何を言っているかわからないのに『オナニー』だけははっきり言えているところ。

その全てがイノマーさんという人間を象徴していたのだと思う。

過去の映像や文章からわかるイノマーさんの姿。
そして、昨日の出演者たちから語られるイノマーさんの姿。イノマーさんに聴こえるように鳴らされる爆音。

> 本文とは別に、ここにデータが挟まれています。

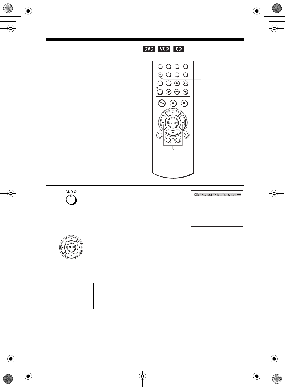 “Dolby Digital” to “D-PCM”).
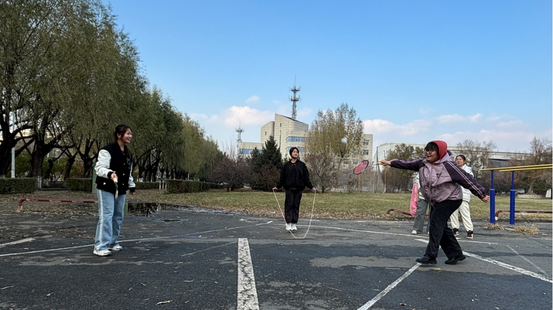 在“争分夺秒”环节中,团队三人通力合作,一人跳绳,两人传球。
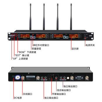 狮乐(SHILE)SH-10专业一拖四U段防啸叫无线手持话筒 KTV娱乐唱歌会议主持演讲手拿麦克风 配4手持
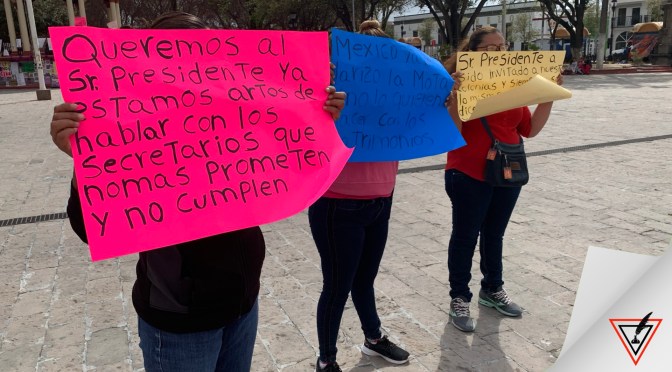 H.Matamoros.- Habitantes de colonias irregulares llevaron a cabo una manifestación frente al palacio municipal solicitando una audiencia con el alcalde Mario López, para pedirle terminen los trabajos de encalichado en calles del asentamiento irregular Rodolfo Torre.
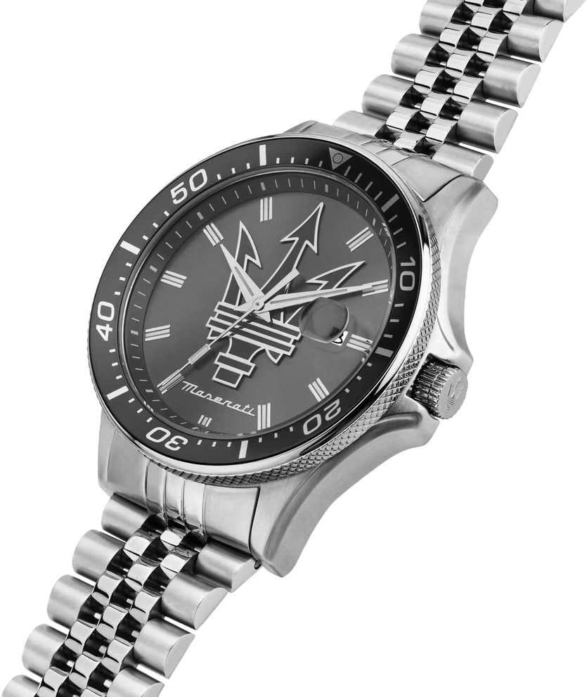 Модель Maserati Sfida R8853140010 — воплощение стиля и функциональности для современных мужчин, ценящих качество и элегантность. Корпус диаметром 44 мм выполнен из нержавеющей стали, обеспечивая прочность и долговечность. Минеральное стеклоМинеральное стеклоМинеральное стекло представляет собой искусственно выращенный минерал кварца. Такое стекло отличается особой устойчивостью к повреждениям и царапинам. Уступает по некоторым качествам сапфировому стеклу. надежно защищает синий циферблат с изящными рисками, придавая часам утонченный вид. Благодаря водостойкости до 100 метров (10 АТМ), эти часы станут вашим надежным спутником в любых условиях, будь то деловая встреча или активный отдых. Люминесцентное покрытиеЛюминесцентное покрытиеПозволяет считывать показания времени в темноте. Производители наносят на стрелки, часовые индексы, безель или поверхность циферблата светонакопительный состав, дающий холодное свечение. на стрелках и метках обеспечивает отличную видимость в темноте. Завершающий штрих — стальной браслет с раскладной застёжкойРаскладная застёжкаТакой тип застёжки используется только на браслетах из металла. Она никогда не раскрывается полностью, происходит разделение на 2 и более частей. Раскладывающая застёжка снизит вероятность потери часов к минимуму., который подчеркивает общий стиль, обеспечивая комфорт и надежность в носке. Вращающийся стальной безельБезельВнешний ободок, закрепляющий стекло. В спортивных часах так называется поворотное кольцо с делениями на циферблате, выполняет роль таймера – замеряет отрезки времени на шкале. Неподвижный безель – элемент декора. Однонаправленно вращающийся безель на дайверских часах позволяет фиксировать моменты погружения и выныривания на поверхность. с IP-покрытиемIP-покрытиеМетод ионного напыления. Демонстрирует повышенную устойчивость к истиранию, окислению и химическим веществам. Под воздействием высокого давления и температуры около 1500°C молекулы металла надёжно соединяются с частицами корпуса часов.. Циферблат выполнен по технологии Sunray (солнечные лучи) и украшен фирменным логотипом «Maserati». Метки в виде штрихов. Окошко даты с увеличительным стеклом находится в положении 3 часа.
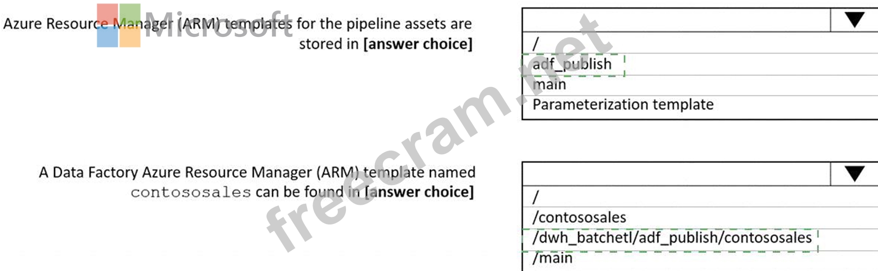 Question 4: You have an Azure data factor/ connected to a Git repository...
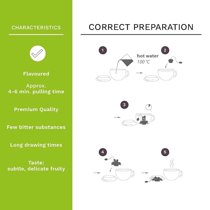 - CHARACTERISTICS: The Blooming Tea tea blossom opens in the cup and unfolds all its beauty and the slightly fruity taste. Up to three infusions per ball are possible. The mild white tea is lovingly complemented by marigolds, jasmine blossoms, hibiscus & roses and is flavored in the varieties cherry, strawberry, lemon or mango.
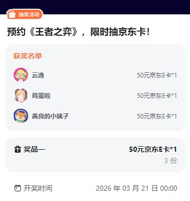 【获奖公示】预约《王者之弈》,限时抽京东卡活动获奖名单公示
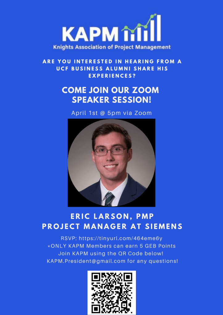 The Knights Association of Project Management (KAPM) is hosting a speaker session with Eric Larson, PMP. Eric will share his journey from the UCF College of Business to become a Project Manager at Siemens.

会ったことも喋ったこともない。今まであまり見てこなかった人の生き様に涙を流したのは生まれて初めてだった。

【本物は伝わる】
そう思った。

イノマーさんの本気。出演者の本気。心臓が痛いくらい響いてきた。
だからこそ思った。

今の自分の幸せに素直に感謝しよう。

イノマーさんの闘病生活の記録の中にこんなものがあった。
『オイラの今の夢はウンコ漏らしたい。それだけでいい。些細な夢。』
この文章だけ読んだら意味が分からないと思うし、ただただふざけた内容に見える。
でもこの時のイノマーさんは、難病の薬の副作用でかなりの便秘になって身体が便で重たくなっていたのだ。おまけに大好きな塩煎餅や柿ピーが食べられないとか、炭酸水が飲めないとか・・・

当たり前にできていたことがある日突然できなくなる。
想像しただけで恐ろしい。

自分をスーパーマンだと思っちゃいけない。
いつ自分がその立場になってもおかしくない。
『俺に限って』『うちの家族に限って』そんな理屈は通用しない。
当たり前なんてこの世に存在しない。
だから大切にしないといけない。
自分のことも、自分の大好きな人たちのことも。
今日カレーライスが食べられること、二本足で元気に歩けること、親から小言のLINEが来ること、トイレで排泄できること。
全部奇跡みたいなもん。
そう考えたら、毎日がとても尊く思えた。

これがイノマーロックフェスティバルで私が学んだことです。